Problem ▸ Make an exact copy of the listing below. Pictures stay out of it.

Supplied information ▸
───

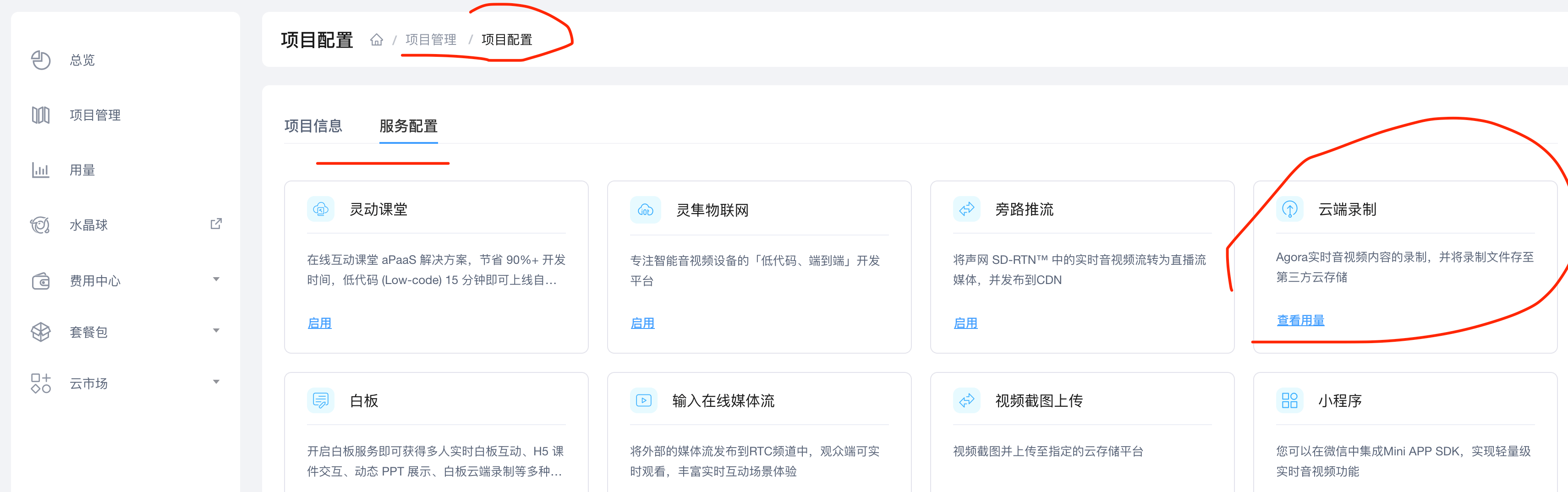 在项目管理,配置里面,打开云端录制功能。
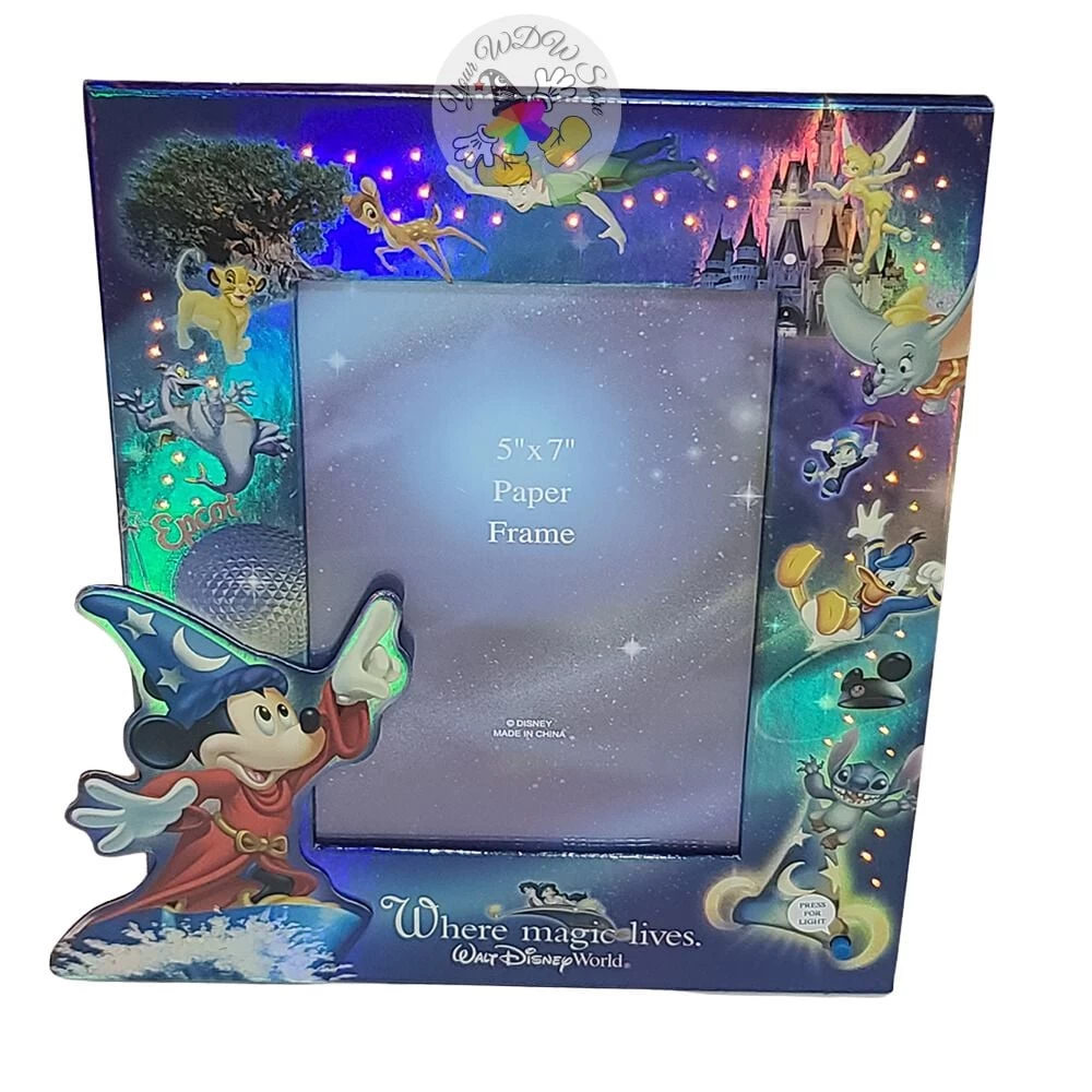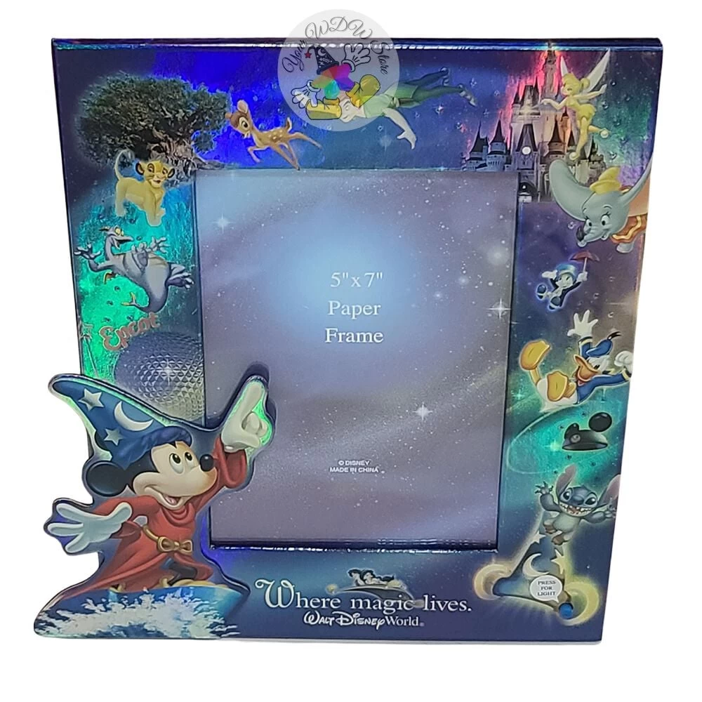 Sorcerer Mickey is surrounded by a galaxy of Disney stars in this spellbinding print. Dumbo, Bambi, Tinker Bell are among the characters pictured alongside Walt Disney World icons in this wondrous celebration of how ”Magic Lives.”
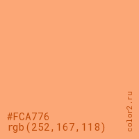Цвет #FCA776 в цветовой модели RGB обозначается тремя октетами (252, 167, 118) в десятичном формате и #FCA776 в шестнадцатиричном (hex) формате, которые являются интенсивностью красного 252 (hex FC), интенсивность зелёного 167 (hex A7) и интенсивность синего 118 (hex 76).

───

Result for this exercise ▸
 在项目管理,配置里面,打开云端录制功能。
 Sorcerer Mickey is surrounded by a galaxy of Disney stars in this spellbinding print. Dumbo, Bambi, Tinker Bell are among the characters pictured alongside Walt Disney World icons in this wondrous celebration of how ”Magic Lives.”
Цвет #FCA776 в цветовой модели RGB обозначается тремя октетами (252, 167, 118) в десятичном формате и #FCA776 в шестнадцатиричном (hex) формате, которые являются интенсивностью красного 252 (hex FC), интенсивность зелёного 167 (hex A7) и интенсивность синего 118 (hex 76).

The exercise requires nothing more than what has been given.